New Delhi, 21 December 2004
Pakistan has recently been promised eight fully equipped PC3 Orions, Harpoons, Anti Missile Phalanx Guns, TOW missiles and now F16s from USA and that must come as a boost to Gen Musharraf.
Now we also learn how much the Saudis will get from Pakistan, besides the personnel who assist them, in return for oil. A US report also indicated Pakistan's nuclear arsenal was bigger than India's. Surely Saudi Arabia can come to an understanding on that arsenal with Pakistan –– K Subrahmanyam had once told us when the Saudis got Long range missiles from China in the late 70s, and it created a furore. Pakistan recently tested the Ghauri and the Ghaznavi, Hatf II and III missiles. They are imbibing technology well it seems and the Khalid tank is a success.
How come Pakistan, with a comparatively small industrial base, was able to develop such a sophisticated domestic weapons industry –– in aircraft, tanks, armoured vehicles, missiles,, nuclear technology and submarines? This is a question posed by a friend who posted the interesting article below.
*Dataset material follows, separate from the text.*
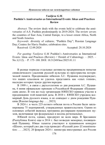 Васильева Г.М. Пушкинские юбилеи как международные события: идеи и практики (Обзор) // Вестник культурологии. – 2025. – No 1(112). – С. 175–188. – DOI: 10.31249/hoc/2025.01.11

The answer he gives –– it’s easier for them to develop the required political thinking and muscle to undertake a weapons development and production programme in the absence of a democratically elected government, with all its attendant political pulls and pressures. But that still does not absolve our politico-bureaucratic establishment from the blame accruing to them in this matter. RM Pranab Mukherjee has the right ideas, but we guess that he too is bogged down in politics and has little experience in Defence Industry, which he is learning about and fast. Inter Service rivalry and DRDO interests are what need to be guarded against.
At this juncture we see an FIR against Railways Minister Laloo Prasad and the opposition will no doubt take full advantage of this –– as Ram Vilas Paswan claps his hands in joy. In India the bureaucrats have the larger responsibility. In Pakistan it is the Military which decides.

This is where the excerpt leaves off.